Score:1

Views Data Export: Plaintext field contains HTML entities

cn flag

I have a CSV export which is done by the "views_data_export" module. When exporting, a plain text field which contains a double quote ends up with a " HTML entitity in the CSV file. This doesn't make sense, and when Im importing this file, this leads to problems.

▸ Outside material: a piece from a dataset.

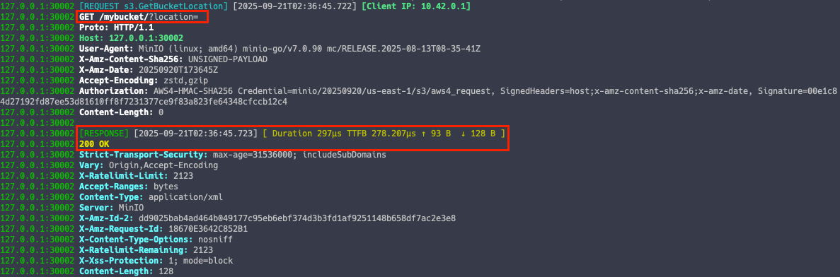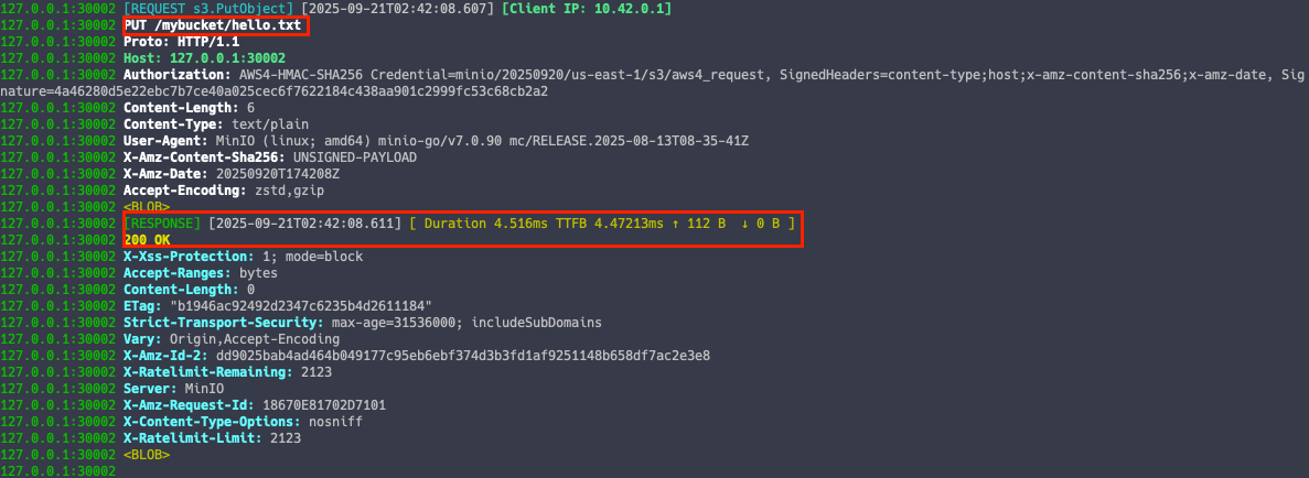 mc admin trace 명령어를 통해 MinIO Trace 를 모니터링 할 수 있습니다.

I'm actually working with Drupal 9.5.10 and different entities, but was able to reproduce this with a fresh Drupal 10.1 installation. I hope I didn't forget any important step in the description.

Steps to reproduce

  • Install Drupal 10.1 (10.1.3-dev)
  • Install the modules "drupal/views" and "drupal/views_data_export"
  • Create an Article node and set the title as >>Test "Hello" Test<<
  • Create a view "article export" and set the following:
    • Add a display of type "data export"
    • Set the content type filter to match Article nodes
    • Under Format > Settings choose "csv". Expand the "CSV Settings" section and uncheck "Strip HTML".
    • Make sure the "title" field is selected and the formatter is set to "Plain text". Uncheck "Link to the content".
    • Set the path and the filename to "all_articles.csv"
    • Save the view and call the path

Expected

A CSV file with this content:

title
"Test ""Hello"" Test"

Actual

A CSV file with this content:

title
"Test &quot;Hello&quot; Test"

Any ideas on how to get the HTML out of there? Simply activating "Strip HTML" is not good enough, since the real-world example also contains fields which are supposed to contain HTML. The export is coupled with an import, so that users can modify the CSV file and reimport it. So the HTML fields need to contai HTML and the other fields should not contain HTML.

Score:0
cn flag

In your view, go to Format and click "Settings" for your Data export.

Settings

Then, uncheck "Strip HTML"

enter image description here

That should give you full HTML output in your export.

This is the return:

enter image description here

cn flag
Thanks for your reply, but I'm not sure you read all details in my question. I already have "Strip HTML" deactivated. With that, I get HTML in all fields, not just in those fields that actually contain HTML. For plain text fields, I don't want quotes being turned into HTML entities.
cstls avatar
cn flag
I edited the answer to show you the return is what you're actually looking for. I'm unsure why you're getting the results you are. You could also try changing your Enclosure to a single quote. I'm running this on Drupal 10.
cn flag
Sorry for taking some time to get back to you. I think the reason is the Formatter which needs to be set for each column in the export view. I selected "Plain text" for the title column and did not change the formatter settings. It is configured here: /admin/config/content/formats/manage/plain_text There are filters like "Display any HTML as plain text" and "Convert line breaks into HTML (i.e. <br> and <p>)" activated for this.
cn flag
So... There is a Formatter "Plain text", which is done by the class "FilterHtmlEscape", which converts some special characters to HTML entities. That sounds like what is happening here. But what can be selected on the view is actually a Formatter class. In my case Drupal\Core\Field\Plugin\Field\FieldFormatter\StringFormatter is selected. I don't even see where this correlates with the text format?!
I sit in a Tesla and translated this thread with Ai:

mangohost

Post an answer

Most people don’t grasp that asking a lot of questions unlocks learning and improves interpersonal bonding. In Alison’s studies, for example, though people could accurately recall how many questions had been asked in their conversations, they didn’t intuit the link between questions and liking. Across four studies, in which participants were engaged in conversations themselves or read transcripts of others’ conversations, people tended not to realize that question asking would influence—or had influenced—the level of amity between the conversationalists.